In 2014, a fund-raising gimmick involving dumping a bucket of ice water over somebody’s head raised $100 million toward research to conquer amyotrophic lateral sclerosis. Often known as Lou Gehrig’s disease, ALS is a devastating neurological illness that paralyzes the patient inch by inch, until the person can no longer speak, swallow, or breathe. Most people with ALS live less than two years after diagnosis.
The outpouring of generosity triggered by the ice bucket challenge was impressive. But it might have been dampened if donors had known an unpleasant fact about the research they were funding: one reason we don’t already have any effective treatment, much less a cure, is that ALS drug research has been done exceedingly poorly. In 2010, researchers at the ALS Therapy Development Institute, based in Cambridge, Massachusetts, launched a review of the animal experiments that serve as the basis for candidate drugs. Every single study had used too few mice to get a valid result. Some studies used as few as four mice. Four. Often, the researchers hadn’t had enough funding to use more mice. But regardless of the reason, when the institute conducted the same studies with enough mice, all the drugs failed to show a real effect—meaning that donors and funders, including drug companies and the federal government, had spent tens of millions of dollars on trials involving human ALS patients on the basis of spurious animal results.
This problem of “irreproducibility” of scientific results, also known as “research waste,” has begun to get some attention in both academic circles and the press, as more and more experiment results taken at face value have turned out to be false when subjected to retesting. The crisis is not so much a shortcoming of the scientific method itself, as some have suggested, but more that scientists aren’t adhering to it. Poorly designed and analyzed research is infecting the biomedical literature, causing other researchers to try to build on results that are the data equivalent of a house of cards.

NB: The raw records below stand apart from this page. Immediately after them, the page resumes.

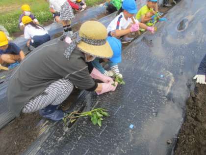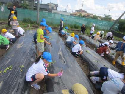 【1年生】サツマイモの苗植え2 公開日 2023/05/24 更新日 2023/05/24 1年生 苗植えの様子の続きです。 1年生は2年生や老人クラブの方の話を聞きながら一生懸命植えました。 秋の収穫が楽しみです。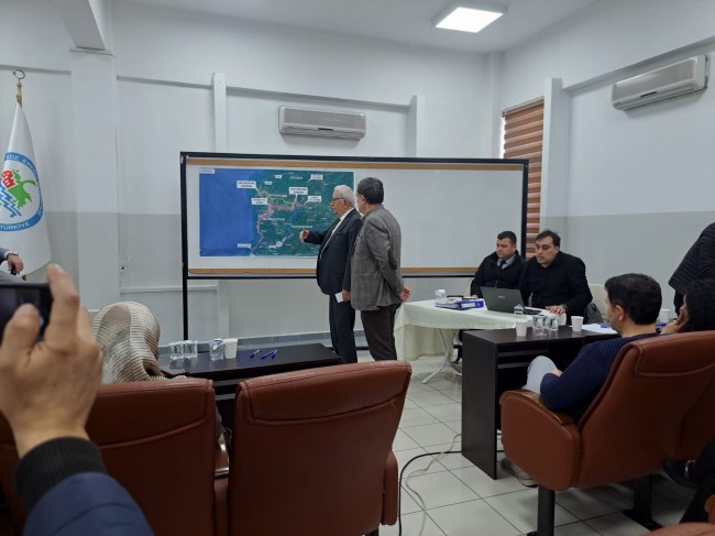 Fen İşleri Müdürü Oğuz Cömert, harita üzerinde bilgilendirme yaparak, “Dolgu alanları tamamlandıktan sonra denize dolgu yapmış olacak, o zaman yolu genişletmiş olacağız. Dolgu alanı olarak buradan başlıyoruz yukarıya kadar gidiyoruz. Buradan başlıyoruz, şurası zaten deniz o kadar dolmuş olacak. Ondan sonra dalga kıranlar... Bu dalga kıranlar olduktan sonra gemilerin girişi, bu dalga kıranlar belirlenecek. O zaman en azından rüzgarlı havalarda falan hiçbir yerden etkilenmeden direkt limana girebiliyor, herhangi bir şeyden etkilenmeyecek” şeklinde konuştu.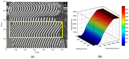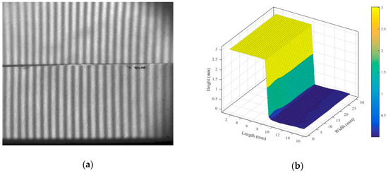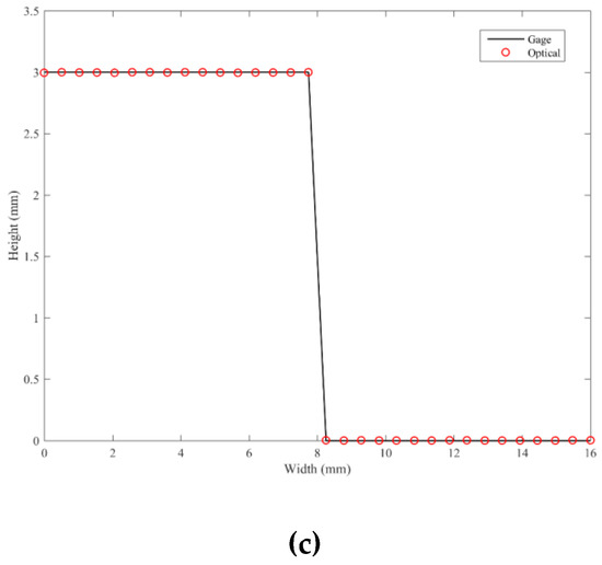 According to the experimental results presented in Table 3, the deviations of the three forms are all smaller than 3 μm, which is the accuracy range of the CMM. To determine the accuracy of our proposed method, a Mitutoyo grade K gauge block of dimension 30(L) × 8(W) × 3(H) mm3 was measured, and the deviation was calculated. Figure 14a,b depicts the moiré fringes on the gage block and the reconstructed 3-D profile by our optical method, respectively. In addition, Figure 14c illustrates the height reconstructed by our method and the nominal height of the gage block. The average value of the height deviation is 2.76 μm.

Biomedical research is a $240 billion annual global endeavor. The United States is the biggest funder, with $70 billion in commercial spending and another $40 billion from nonprofits and government, mostly the National Institutes of Health. We are rightly known as the greatest research engine in the world. American labs are a wellspring of drugs and biologics that have eased suffering for millions of people.

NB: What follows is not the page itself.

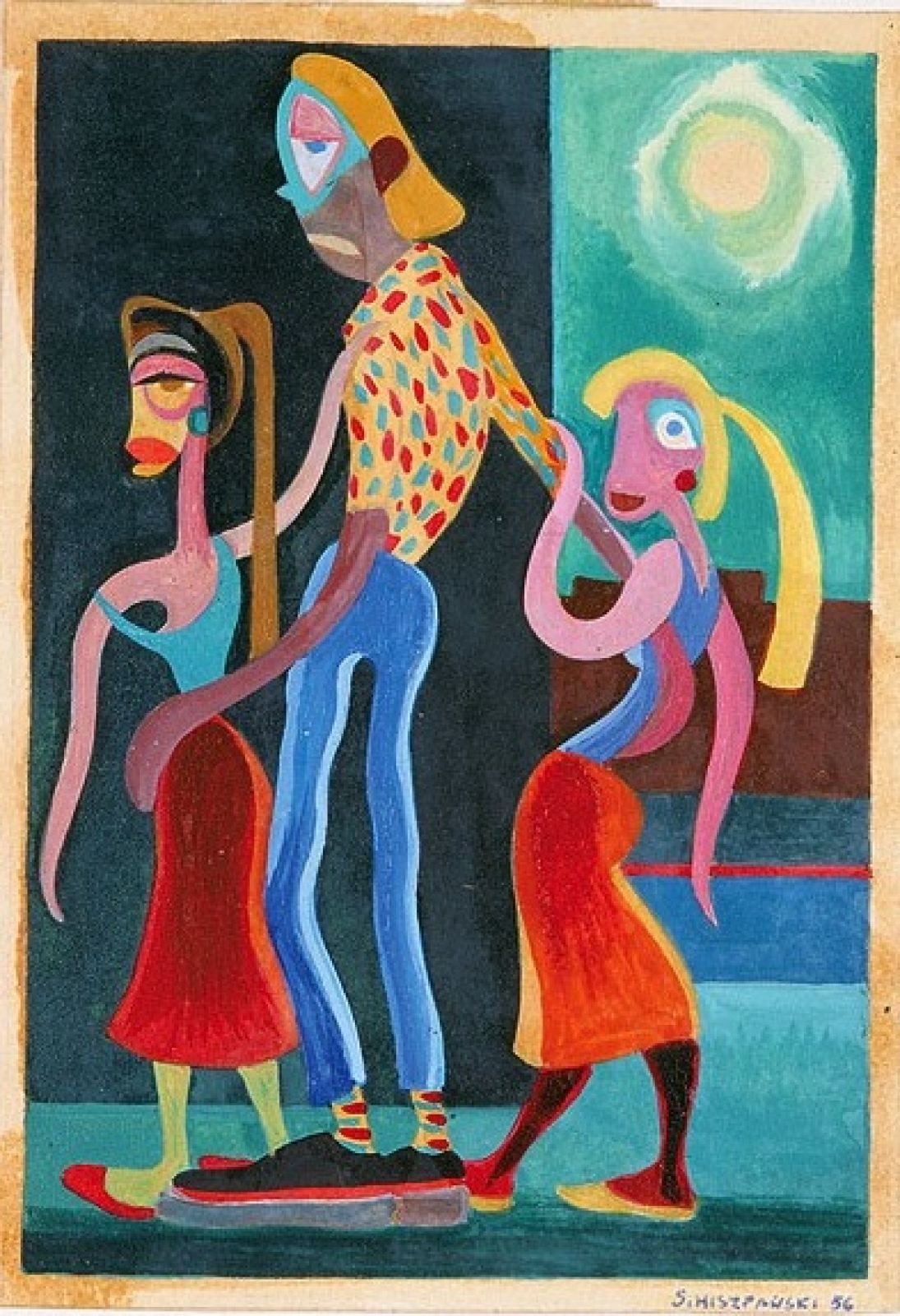 Stolik fornirowany, na fantazyjnie wygiętych nogach. Nieduży fotel dopełnia kompletu. – O, tak na nim siedział, gdy malował – Bogna Hiszpańska przysiada na samym skraju mebla. Niezbyt wygodna pozycja i aż trudno uwierzyć, że to właśnie tutaj powstały setki prac Stanisława Hiszpańskiego. Sam śmiał się, że niewielki rozmiar jego obrazów to sprawa życiowej konieczności – całe lata przemieszkał z rodziną w jednopokojowym mieszkaniu. Nie było miejsca na pracownię, więc tworzył na stole.
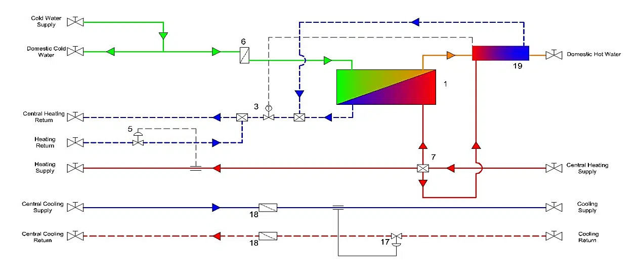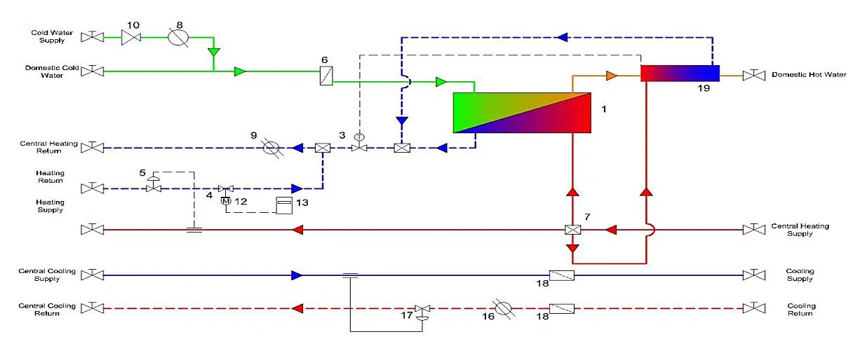 •Merkezi sistemle ısınan-soğutulan konutlarda anlık kullanım sıcak suyu üretimi ve ısıtma hattının balanslanmasıiçin kullanılır.

But as Richard Harris argues in Rigor Mortis, bad science is rife in labs, both commercial and academic. Harris, a veteran National Public Radio science reporter, documents a litany of slipshod practices and biased analyses that have produced a disheartening series of scientific dead ends. Cutthroat academic competition, a headlong rush to publish in “high-impact” journals, and scarce funding all lead researchers to cut corners, and the self-correcting mechanisms of science can’t keep up.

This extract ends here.